Yes, they do have a record of doing so because they fast track things so much. We’re unable to tell exactly how many devices result in death and injury because there’s no national database that tracks these devices in people, so people may be going in for a metal-on-metal knee replacement and they might be getting sick from it, but it’s unclear whether the correlation will be made by the doctor or if it is made, it’s unclear whether the public will be notified and people can pool their information to find out how many people are getting sick.
But this does happen. I can give you one example. There are stents that are used to treat patients suffering from brain aneurysms. People have died from those devices, Peter.
Yeah, I mean, the FDA uses the statute called the 510(k) to get some medical devices into the market faster, and this is what Dr. Gottlieb wants to expand.
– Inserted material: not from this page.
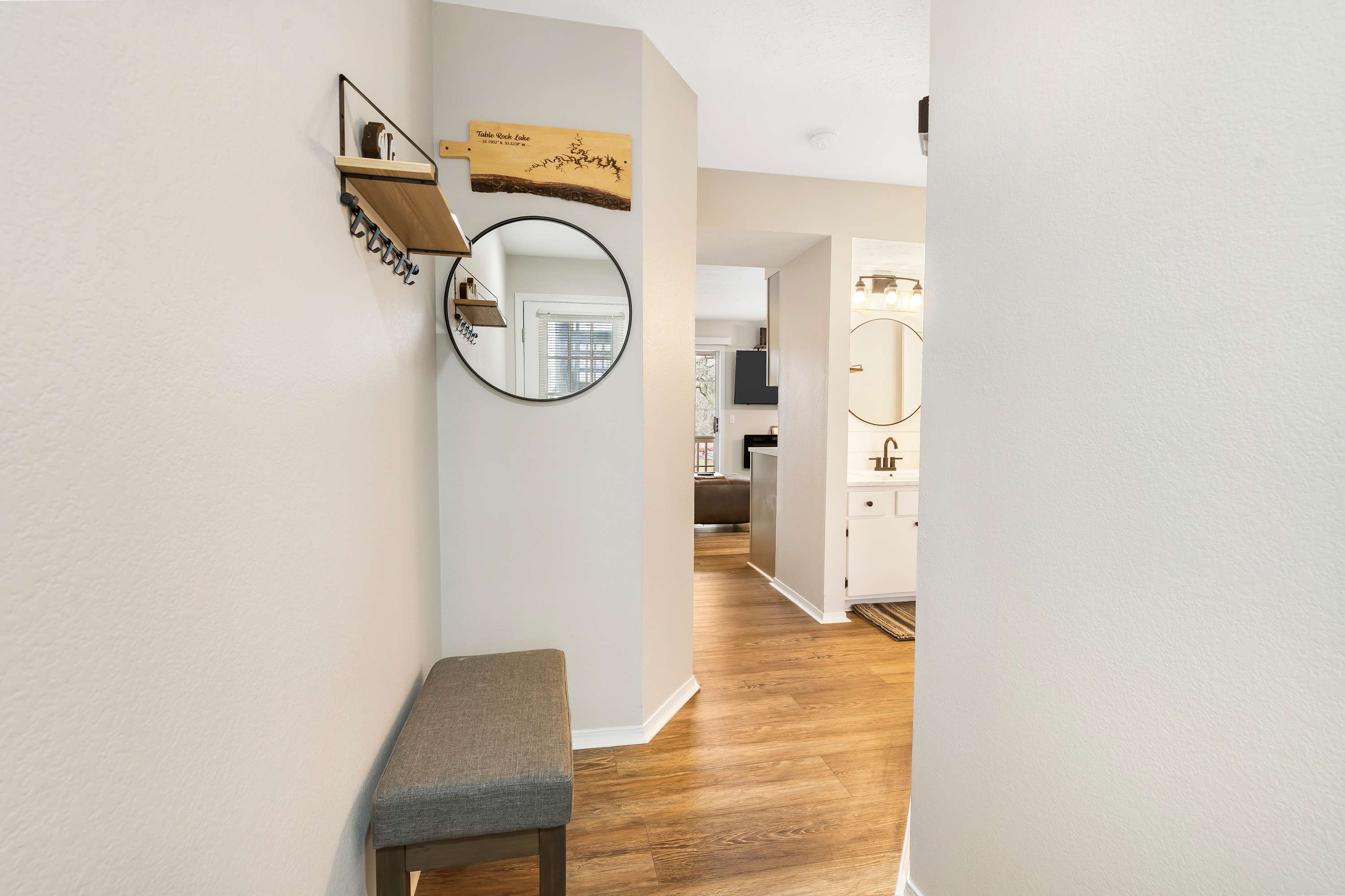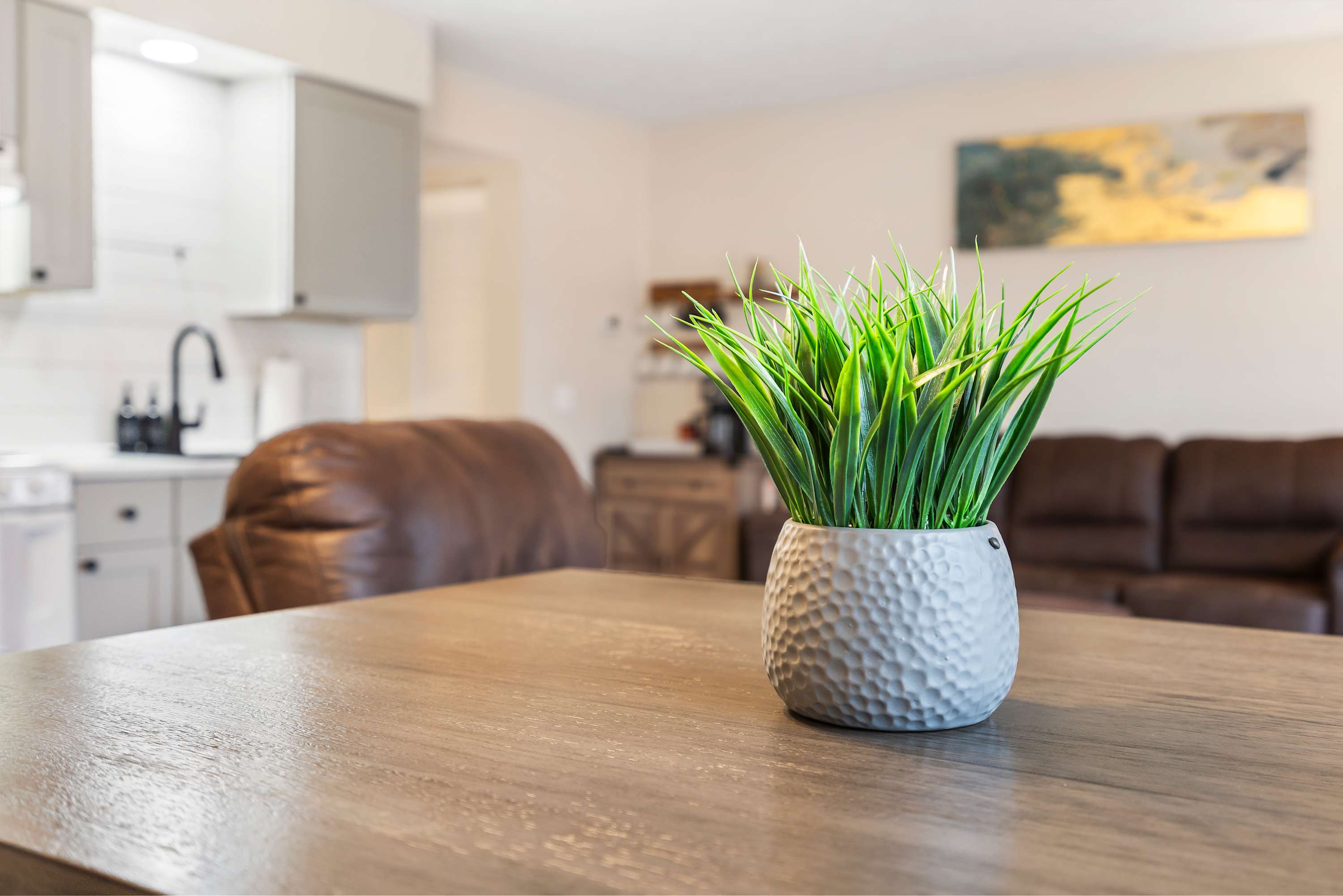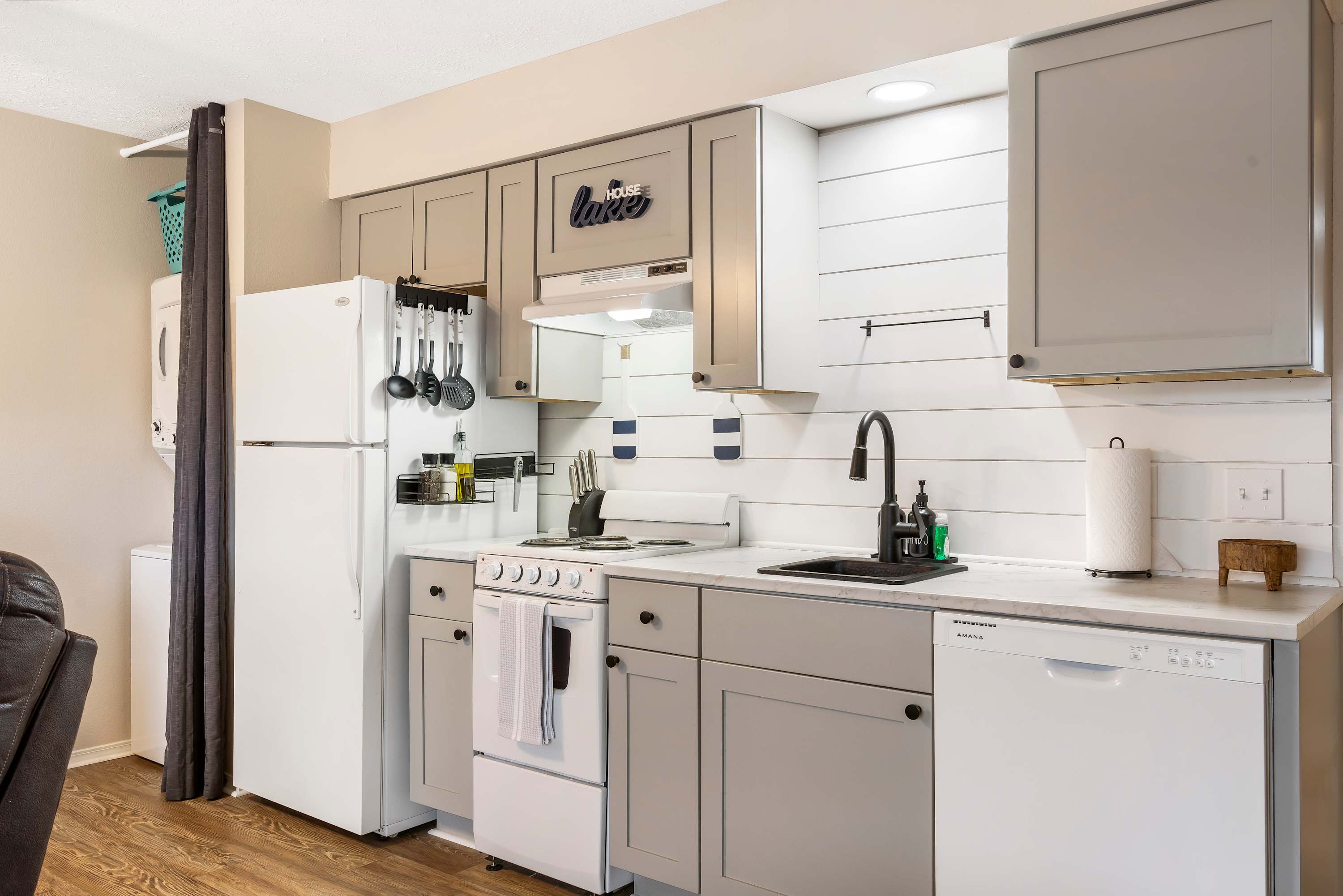 The cozy and updated interior showcases contemporary furnishings surrounded by chic décor, with modern amenities providing you with all the comforts of home. Kick up your feet in the living room on plush sofa and recliner seating while you stream episodes of your favorite shows on the smart TV. The electric fireplace is as much form as it is function, illuminating the space in warmth and ambiance. The well-equipped kitchen can assist in all your culinary aspirations whether planning a spread of afternoon appetizers or whipping up full breakfast. The café table offers seating for 2, suitable for both dining and breaking out the board games. Hit up the coffee bar first thing in the morning and brew up a fresh cup to enjoy out on the breezy balcony as you take in the serenity of the surrounding landscape.

How effective were those devices released using the 510(k)?
As I said, it’s unclear how many were effective or ineffective, but I can tell you that 95 to 98% of all medical devices that are on the United States market, meaning they are for sale, those have been fast tracked under the FDA’s 510(k) program. A majority of these devices on the market have not been tested, there’s no clinical trials, and we don’t know whether or not they are safe. These devices are classed in three different tiers, with the class three classification being the most serious devices. These are high-risk devices that support life. Things like pacemakers and heart valves, these require more testing, but that’s about 1 to 2% of all devices. A majority of the devices on the market are being tested once they’re inside of a patient’s body. There’s no way of knowing what happens once you do that.
These patients are rolling the dice and unfortunately they don’t even know that they’re rolling the dice because they assume that their doctors and the FDA, which has given its stamp of approval here by fast tracking it, have done their job in researching these products, but that’s not the case here, and patients unfortunately do end up dying or having health problems for life as a result, Peter.